Tiananmen

Há vinte anos atrás, 5 de Junho de 1989.

Tank Man

Recomendo no Obscene Desserts os links para a história da fotografia e para um documentário da PBS sobre o misterioso homem que fez frente à coluna de tanques, saindo apenas da sua posição quando o blindado tentava contorná-lo, os eventos e a evolução da China desde então.

Não se sabe quem era ou o que foi feito do rebelde desconhecido. Possivelmente um trabalhador de Pequim indignado com o massacre do dia anterior. Possivelmente executado depois de ser levado pela polícia. Ou talvez uma outra história qualquer. No documentário alguém afirma: “Ele queria mudar a China. Mas o que ele fez foi ajudar a mudar a União Soviética”, referindo-se a como pessoas no antigo bloco soviético o o invocaram como inspiração.

O fim do regime soviético

Ao ano de 1989 não faltam razões para ficar na História.  Em Fevereiro o governo comunista da Hungria anunciara que iria seguir a via pluripartidária como resposta a manifestações populares. Na Polónia, o movimento Solidariedade entrava em negociações com o regime comunista. No dia anterior à fotografia, enquanto o exército chinês disparava sobre a multidão, o Solidariedade alcançava uma vitória decisiva. Era o início da democratização da Europa de Leste.

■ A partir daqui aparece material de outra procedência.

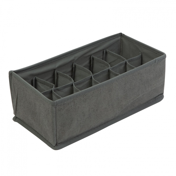 Descoperiti solutiile noastre practice si elegante de depozitare! Aceasta cutie de depozitare este alegerea perfecta pentru a mentine ordinea si organizarea în casa ta. Structura usoara, dar durabila a cutiei de depozitare asigura ca va fi fiabila pe termen lung pentru organizare. Stratul exterior este realizat din tesatura de calitate, care nu numai ca ofera un aspect estetic, dar este si rezistent si usor de curatat. Rigiditatea structurii interne este asigurata de o foaie solida de carton multistratificata. Datorita dimensiunii convenabile a cutiei de depozitare, se potriveste cu usurinta pe rafturi, dulapuri sau chiar sub pat. Acest lucru va permite sa utilizati la maximum spatiul disponibil, pastrând în acelasi timp obiectele importante organizate si usor accesibile. O cutie de depozitare din tesatura poate fi alegerea perfecta pentru depozitarea îngrijita a hainelor, pantofilor, jucariilor, cartilor sau a oricarui alt articol. Atunci cand nu este folosita, depozitarea intr-un spatiu restrans este asigurata de fermoarul situat in partea de jos, care se poate inchide la utilizare.

Em Agosto, nas então repúblicas soviéticas da Estónia, Letónia e Lituânia, dois milhões de pessoas formam uma corrente humana contra o regime comunista. No fim de Outubro o partido comunista da Hungria reinventa-se como partido socialista, abre o país à economia de mercado e marca eleições livres para o ano seguinte.

Em Novembro, o grande marco: o muro de Berlin é deitado abaixo com grande pompa. Na Bulgária chega ao fim o domínio comunista. Na Checoslováquia, Outubro fechara com uma carga policial sobre manifestantes pela democracia nos festejos da independência do país; em Novembro o regime cai na Revolução de Veludo. Na Roménia, em Dezembro, uma revolução violenta chega ao fim com a imagem dos cadáveres cravejados de balas do ditador e da mulher.

Em suma, pacificamente ou com mais ou menos sangue, 1989 foi o ano do fim das ditadura comunistas. Nos dois anos que se seguiram o mapa da Europa de Leste foi redesenhado e mudou de cor. Nas duas décadas que se seguiram, o caminho foi em direcção a uma democracia cada vez mais digna desse nome. Polónia, Estónia, Letónia, Lituânia, Hungria, República Checa, Eslováquia, Bulgária e Roménia são hoje orgulhosos membros da União Europeia. Alguns democracias prósperas, alguns afligidos por alguns dos mesmos males que a Rússia aquando da sua transição, a verdade é que o caminho parece estar traçado para os integrados na UE.

E a China?

Para o país da revolução que gerou o ícone que compete com a queda do muro como imagem do ano, a democracia não há de chegar tão cedo. Alimentado pelo galopar da economia nos últimos anos, o regime prosperou. Experiências com o capitalismo atraíram empresas estrangeiras e o seu know-how, e respondeu com investimento no ocidente que alterou a balança do poder negocial; a aproximação a estados pouco recomendáveis garante uma importante fonte de recursos, mercados com pouca concorrência e mais influência sobre eles que qualquer potência (assumindo por vezes o papel de mediador internacional).

O ano passado estiveram na ribalta, numa grande oportunidade de propaganda que ajudou a cimentar a coesão interna, borrifando-se alegremente para as recomendações ingénuas do comité olímpico quanto aos direitos humanos. Apesar dos confortos materiais decorrentes da estonteante subida do nível de vida de alguns sectores da população, continuam os delitos de opinião, religião ou orientação sexual. E brutal repressão para os excluídos do sistema, para além das condições de trabalho abomináveis. Sete dias por semana, treze horas por dia (se não forem obrigados a trabalhar noite fora). Tudo por menos de 100 euros por mês, recebidos anualmente. Quando os recebem. Dezenas de milhar de manifestações todos os anos, sistematicamente reprimidas sem nada que chegue perto da visibilidade que teve a iniciada por estudantes há 20 anos atrás.

Há o controlo estatal da informação. É o regime que abraçou a tarefa megalómana de censurar a internet, estranhamente com um sucesso razoável. No documentário, é mostrada a fotografia a quatro estudantes universitários de Pequim. Nenhum deles a reconhece. “Parece uma parada ou coisa parecida”. “Não sei dizer nada sobre isto, não há contexto”.  “É uma obra de arte? Inventaram isto?”

Aparentemente, a ditadura vai bem e recomenda-se.